“Blitz” - Film Review
Writer/director Steve McQueen is back with Blitz, the first feature-length narrative film since his criminally underrated 2018 flick, Widows. In 2020, McQueen released his anthology series, Small Axe, that told various stories of England in the ’60s and ’80s. Blitz takes McQueen even further back in time to 1940s London. The film’s name comes from the German bombing campaign that lasted eight months and destroyed much of the city of London. While Blitz is created under McQueen’s signature eye, the film is stifled by the expectations put upon a period piece.
Rita (Saoirse Ronan) is a single mother to her son George (Elliott Heffernan), and the two live with Gerald (Paul Weller), Rita’s father. In the summer of 1939, Operation Pied Piper began and over 800,000 children were evacuated from London to safety until the war ended. George was not one of those children because Rita couldn’t bear the thought of being without him. However, as the bombing intensifies, Rita makes the choice to send George away. While on the train, George decides to escape and make his way back to his mother, but finds himself in peril.
If Emilia Perez has shown us anything, it’s that there is no movie that cannot be turned into a musical. Rarely do you watch a movie and think, this is begging to be a musical, yet that is the sensation that Blitz leaves with its audience. Music and the use of sound are already intrinsically woven into the DNA of the film. Rita performs a song for the BBC, her father plays the piano nightly, and Ife (Benjamin Clementine), the kind police officer who helps George, sings while he completes his nightly rounds. Even the rhythmic nature of Rita’s factory job could easily lend itself to song. McQueen has created a story that relies on music, and it’s a shame that Blitz isn’t a full-blown musical in its own right. A different approach would have allowed Blitz to separate itself from the trappings of the genre.

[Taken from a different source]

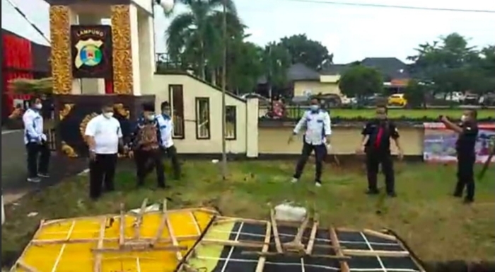 Ketua umum Persatuan Pewarta Warga Indonesia (PPWI) lalu merobohkan papan karangan bunga di halaman polres Lampung Timur.
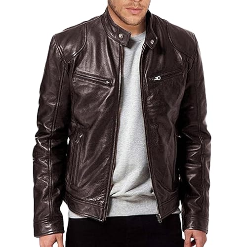 WULFUL Men's Stand Collar Leather Jacket Motorcycle Lightweight Faux Leather Outwear

Blitz will likely find its way into the classrooms of high school history teachers. The film gives a broad overview of life in World War II London and is a relatively accurate period piece. One of the film’s strongest components is that it doesn’t shy away from the racism on the homefront. So often, World War II is taught that it’s the good guys against the bad guys. That everyone who fought against Hitler was also against his ideals. The reality is that people could be anti-Hitler, but also be racist toward their neighbors. Blitz makes that reality one of its main plot points and it’s an important part of history that is rarely shown in this style of movie.
It’s hard to see Blitz as anything beyond its well-done interpretation of historical events. The flashbacks of pre-war life slow down the present-day narrative (that somehow takes place over the course of a day and a half). Ronan, who is usually the standout in any film she touches, is dimmed. She is given too little time to show the emotional distance her character has traveled. Her decision to send George away is quick, and it would have been interesting to see how she came to this conclusion. The same can be said about how she immediately recovered from losing George. Blitz is covering too much ground and misses the personal, emotional journey that would make the film special.
Even if Blitz doesn’t entirely distinguish itself from other films about this period in time, it still provides an important perspective and adds context to our collective history. We are doomed to repeat what we cannot learn from, and there is much within Blitz that is all-too-relevant today.